• Given data:
┄┄┄┄┄┄

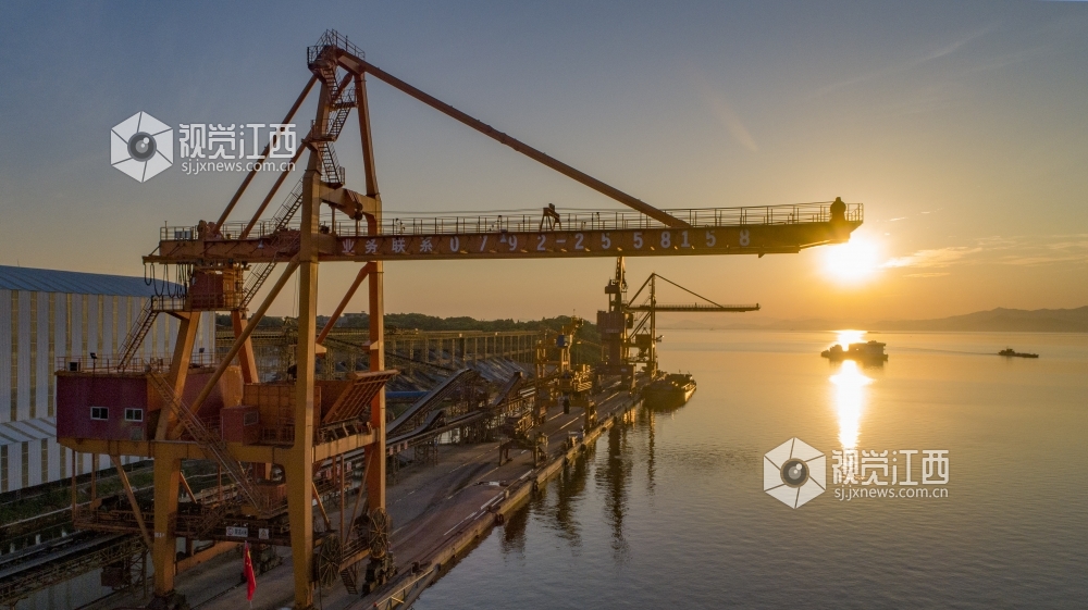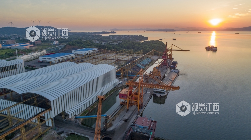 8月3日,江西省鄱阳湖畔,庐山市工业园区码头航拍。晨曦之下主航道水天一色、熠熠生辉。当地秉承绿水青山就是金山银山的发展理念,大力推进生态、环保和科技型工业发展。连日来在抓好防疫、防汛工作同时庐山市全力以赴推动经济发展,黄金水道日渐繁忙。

┄┄┄┄┄┄

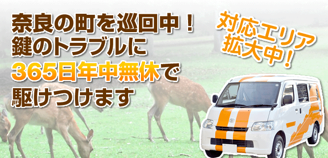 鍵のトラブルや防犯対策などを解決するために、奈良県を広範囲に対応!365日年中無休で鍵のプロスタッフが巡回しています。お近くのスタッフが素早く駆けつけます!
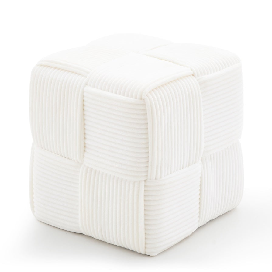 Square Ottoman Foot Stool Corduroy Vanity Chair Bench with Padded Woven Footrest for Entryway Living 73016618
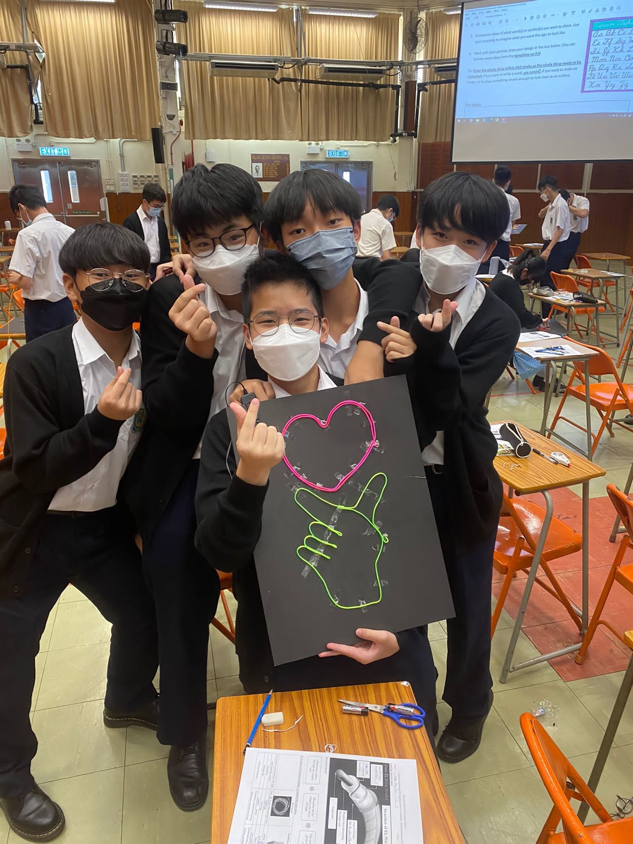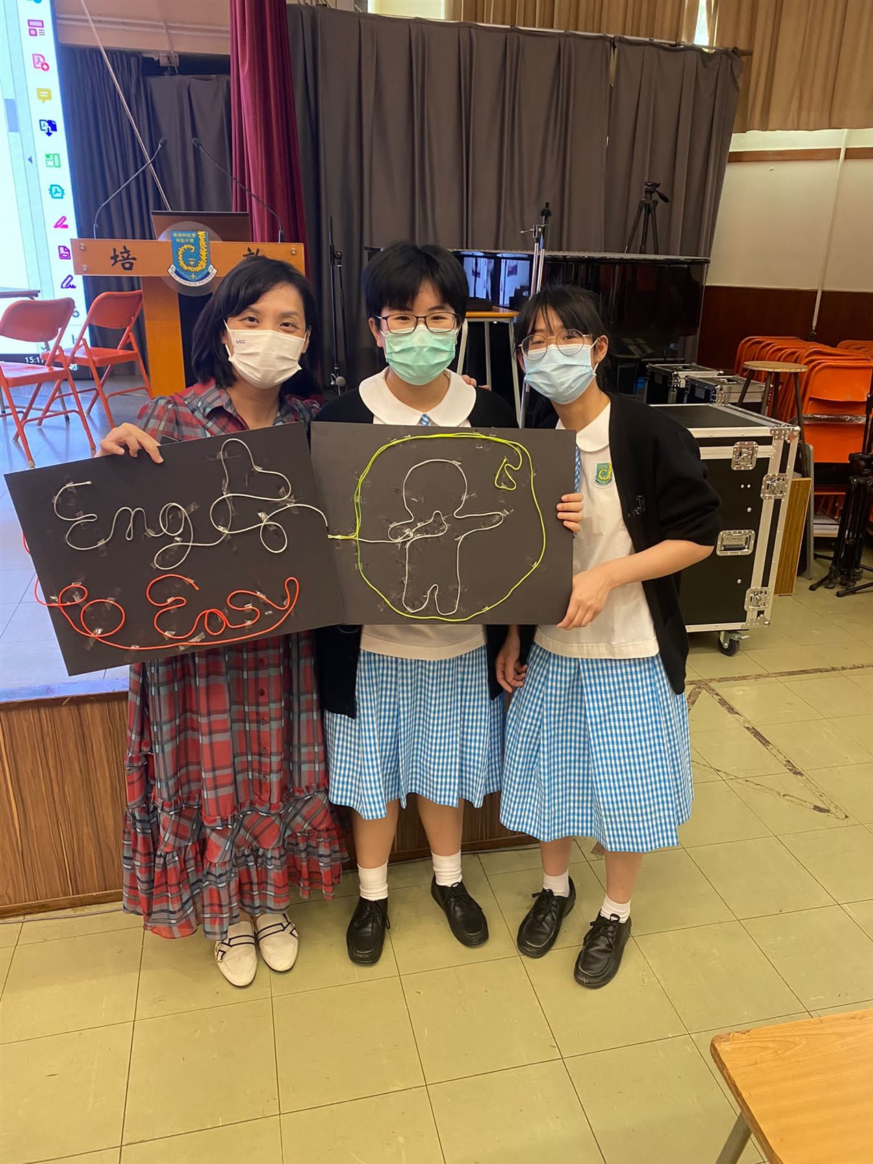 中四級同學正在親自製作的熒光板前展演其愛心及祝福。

┄┄┄┄┄┄

• Activity:
Only one part of the listing is wanted: the lines from the one containing "鍵のトラブルや防犯対策などを" through the one containing "中四級同學正在親自製作的熒光板前展演其愛心及祝福。", both included. Please transcribe it exactly, leaving out the pictures.

• Task solution:
 鍵のトラブルや防犯対策などを解決するために、奈良県を広範囲に対応!365日年中無休で鍵のプロスタッフが巡回しています。お近くのスタッフが素早く駆けつけます!
 Square Ottoman Foot Stool Corduroy Vanity Chair Bench with Padded Woven Footrest for Entryway Living 73016618
 中四級同學正在親自製作的熒光板前展演其愛心及祝福。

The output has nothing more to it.